**ACTION ITEM:** Word for word, copy out the data below, omitting pictures.

(EXERCISE DATA)

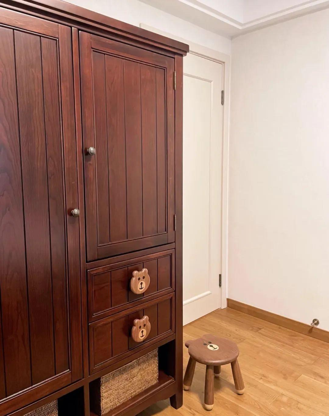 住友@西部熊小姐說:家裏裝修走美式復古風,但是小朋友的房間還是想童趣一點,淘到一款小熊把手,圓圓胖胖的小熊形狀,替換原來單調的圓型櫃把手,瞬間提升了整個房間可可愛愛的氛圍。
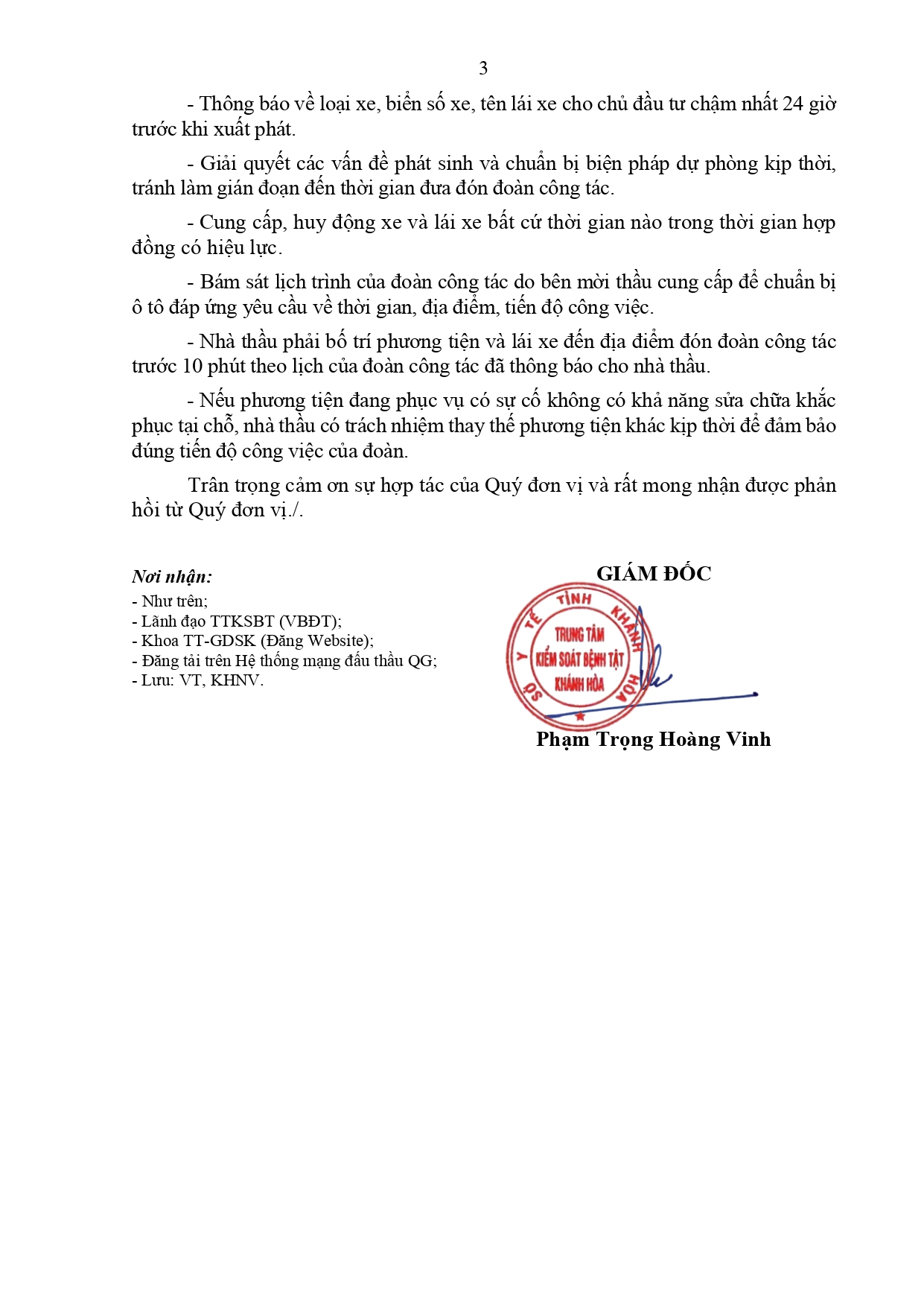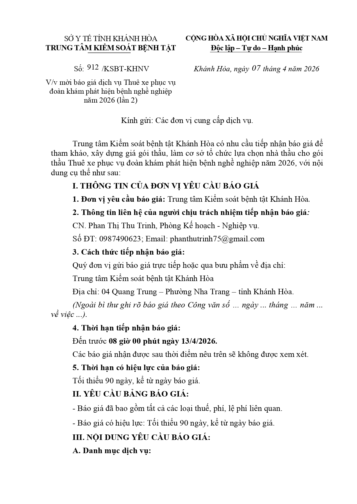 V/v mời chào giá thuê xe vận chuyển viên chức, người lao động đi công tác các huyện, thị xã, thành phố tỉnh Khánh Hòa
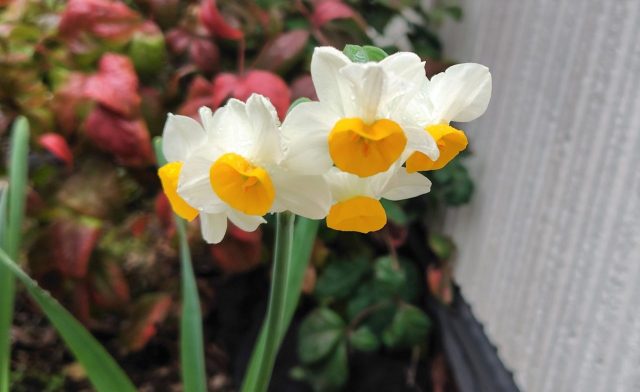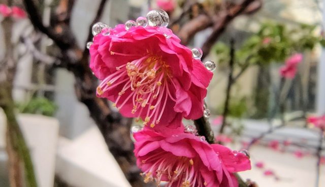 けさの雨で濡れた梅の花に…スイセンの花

(End EXERCISE DATA)

**RESULT OF THIS EXERCISE:**
 住友@西部熊小姐說:家裏裝修走美式復古風,但是小朋友的房間還是想童趣一點,淘到一款小熊把手,圓圓胖胖的小熊形狀,替換原來單調的圓型櫃把手,瞬間提升了整個房間可可愛愛的氛圍。
 V/v mời chào giá thuê xe vận chuyển viên chức, người lao động đi công tác các huyện, thị xã, thành phố tỉnh Khánh Hòa
 けさの雨で濡れた梅の花に…スイセンの花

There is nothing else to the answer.